IBM scientists have built a quantum processor that users can access through a first-of-a-kind quantum computing platform delivered via the IBM Cloud onto any desktop or mobile device. IBM believes quantum computing is the future of computing and has the potential to solve certain problems that are impossible to solve on today’s supercomputers.

The cloud-enabled quantum computing platform, called IBM Quantum Experience, will allow users to run algorithms and experiments on IBM’s quantum processor, work with the individual quantum bits (qubits), and explore tutorials and simulations around what might be possible with quantum computing.

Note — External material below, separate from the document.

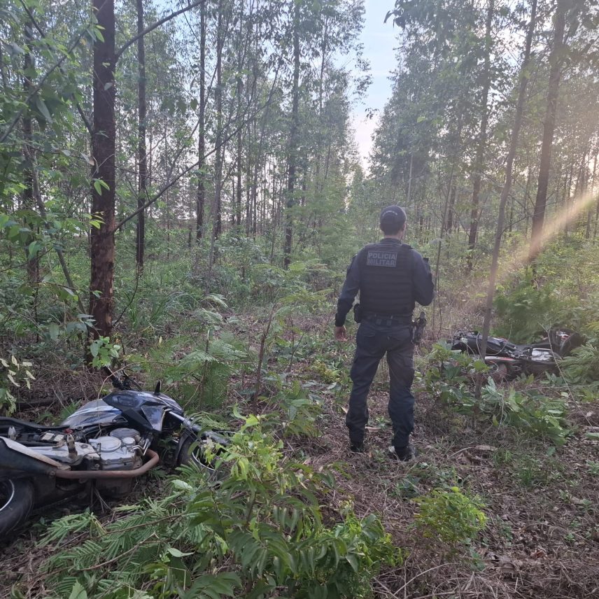 Neste sábado, por volta das 4h30, uma guarnição do Pelotão de Trânsito do 2º BPM foi acionada a verificar denuncia realizada ao 190 versando indivíduos em atitude de suspeição, onde durante diligências nas estradas e vegetação, quando no KM 11 da BR-262, a aproximadamente a 100 metros da via localizaram 2 motocicletas escondidas em meio à vegetação.

The quantum processor is composed of five superconducting qubits and is housed at the IBM T.J. Watson Research Center in New York. The five-qubit processor represents the latest advancement in IBM’s quantum architecture that can scale to larger quantum systems. It is the leading approach towards building a universal quantum computer.

A universal quantum computer can be programmed to perform any computing task and will be exponentially faster than classical computers for a number of important applications for science and business.

A universal quantum computer does not exist today, but IBM envisions medium-sized quantum processors of 50-100 qubits to be possible in the next decade. With a quantum computer built of just 50 qubits, none of today’s TOP500 supercomputers could successfully emulate it, reflecting the tremendous potential of this technology. The community of quantum computer scientists and theorists is working to harness this power, and applications in optimization and chemistry will likely be the first to demonstrate quantum speed-up.

“Quantum computers are very different from today’s computers, not only in what they look like and are made of, but more importantly in what they can do. Quantum computing is becoming a reality and it will extend computation far beyond what is imaginable with today’s computers,” said Arvind Krishna, senior vice president and director, IBM Research. “This moment represents the birth of quantum cloud computing. By giving hands-on access to IBM’s experimental quantum systems, the IBM Quantum Experience will make it easier for researchers and the scientific community to accelerate innovations in the quantum field, and help discover new applications for this technology.”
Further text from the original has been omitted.